--- EXTRACTED RECORDS Enclosed Below ---
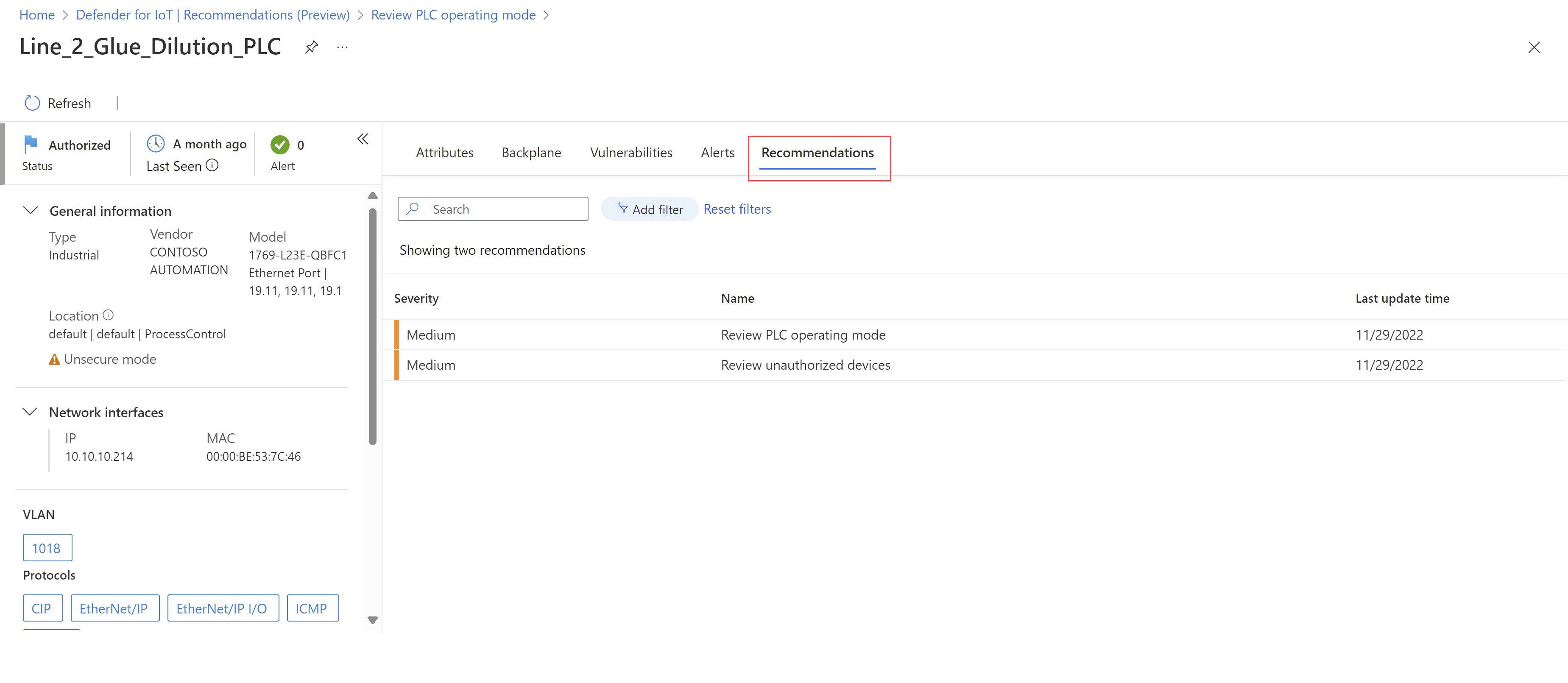 | Review PLC operating mode | Devices with this recommendation are found with PLCs set to unsecure operating mode states. We recommend setting PLC operating modes to the Secure Run state if access is no longer required to the PLC to reduce the threat of malicious PLC programming. |
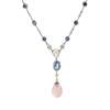 the chain of filigree detail, collet-set at intervals with round-cut sapphires and pearls, suspending a millegrain-set cushion-cut sapphire and a polished rose quartz drop
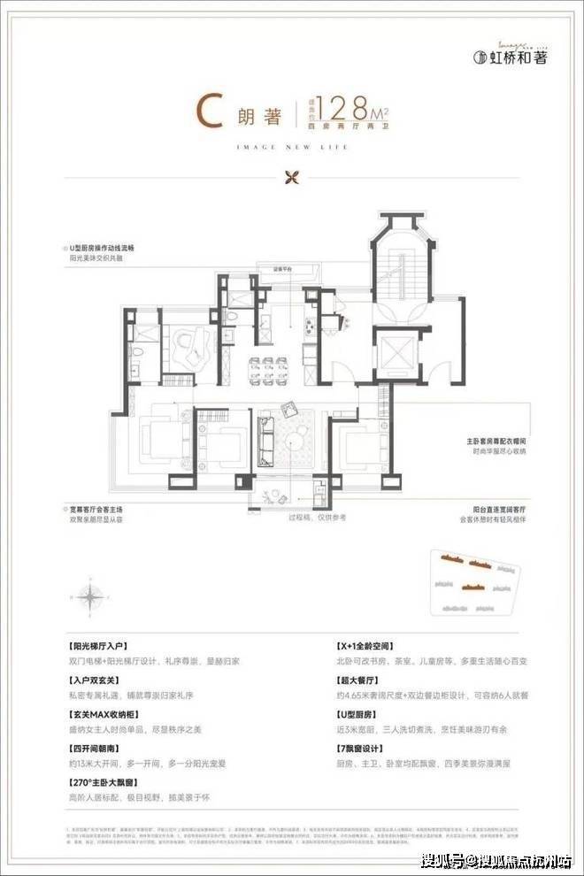 过去很长一段时间,由于土地端7090政策限制,新房产品绝大部分以百平米左右刚需产品为主,而保利虹桥和著此次将推出建面约128㎡稀缺舒适四房,本身就是一次难得的改善机遇,更何况该户型设计非常亮眼,四开间朝南设计,尽可能将更多阳光引入室内,主卧270度飘窗+南北通透大套房设计,同级别户型中十分罕见,充分满足舒适度和身份感。
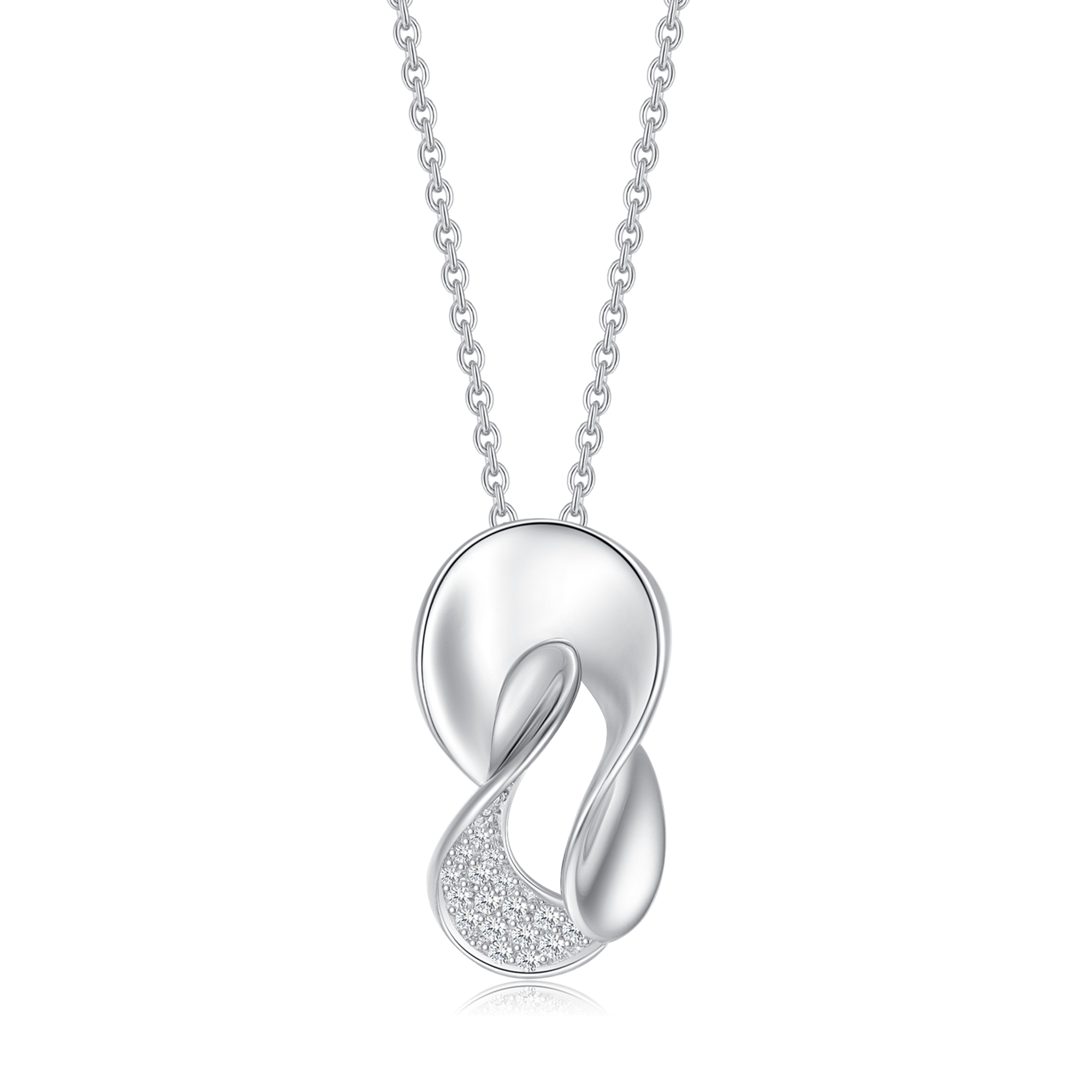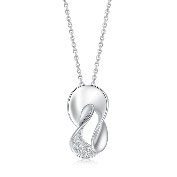 Sølv halskæde rhodineret skæv blad med syntetiske cubic zirconia.
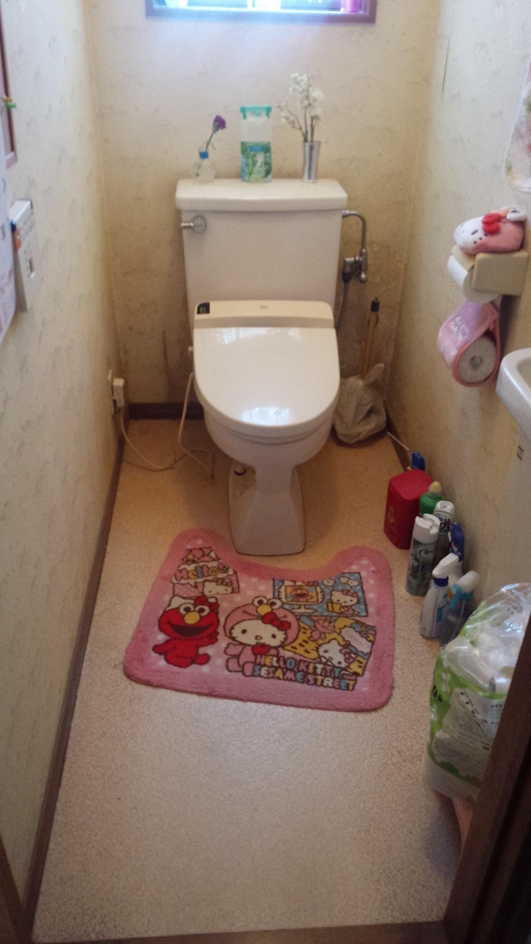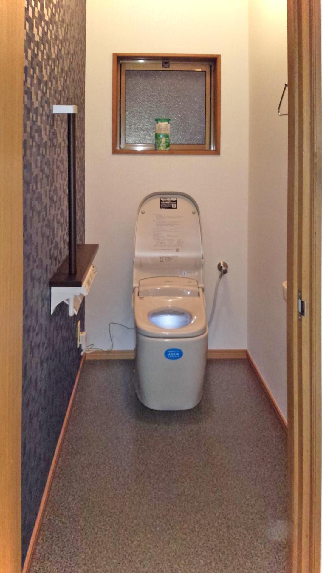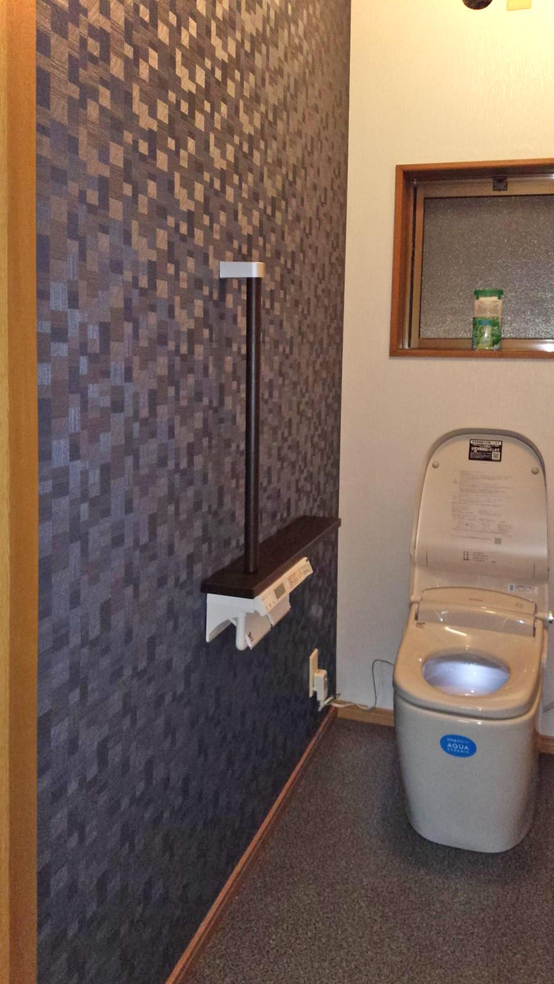 長年使ったトイレをタンクレストイレにし、手摺を設けました。壁紙も1箇所アクセントカラーにして部屋の雰囲気もガラッと変わりました。
--- End of Enclosed EXTRACTED RECORDS ---
## HOW TO COMPLETE THIS TASK
Leaving the pictures out, set down exactly the lines from the one with "the chain of" through the end of the records.

## ANSWER TO THE EXERCISE
 the chain of filigree detail, collet-set at intervals with round-cut sapphires and pearls, suspending a millegrain-set cushion-cut sapphire and a polished rose quartz drop
 过去很长一段时间,由于土地端7090政策限制,新房产品绝大部分以百平米左右刚需产品为主,而保利虹桥和著此次将推出建面约128㎡稀缺舒适四房,本身就是一次难得的改善机遇,更何况该户型设计非常亮眼,四开间朝南设计,尽可能将更多阳光引入室内,主卧270度飘窗+南北通透大套房设计,同级别户型中十分罕见,充分满足舒适度和身份感。
 Sølv halskæde rhodineret skæv blad med syntetiske cubic zirconia.
 長年使ったトイレをタンクレストイレにし、手摺を設けました。壁紙も1箇所アクセントカラーにして部屋の雰囲気もガラッと変わりました。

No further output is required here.